▶ Data shown

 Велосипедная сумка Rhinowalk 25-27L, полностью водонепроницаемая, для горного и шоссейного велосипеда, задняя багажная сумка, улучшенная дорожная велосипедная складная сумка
...
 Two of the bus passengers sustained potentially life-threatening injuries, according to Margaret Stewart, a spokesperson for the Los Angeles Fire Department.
--
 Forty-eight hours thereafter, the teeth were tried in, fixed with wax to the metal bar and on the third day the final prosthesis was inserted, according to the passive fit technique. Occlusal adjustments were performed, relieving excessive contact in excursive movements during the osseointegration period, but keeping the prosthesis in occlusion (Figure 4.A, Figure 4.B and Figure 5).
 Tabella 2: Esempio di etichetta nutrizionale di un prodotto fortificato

▶ Required action
Search the material for the word "according" and copy every matching line.

▶ Expected answer
 Two of the bus passengers sustained potentially life-threatening injuries, according to Margaret Stewart, a spokesperson for the Los Angeles Fire Department.
 Forty-eight hours thereafter, the teeth were tried in, fixed with wax to the metal bar and on the third day the final prosthesis was inserted, according to the passive fit technique. Occlusal adjustments were performed, relieving excessive contact in excursive movements during the osseointegration period, but keeping the prosthesis in occlusion (Figure 4.A, Figure 4.B and Figure 5).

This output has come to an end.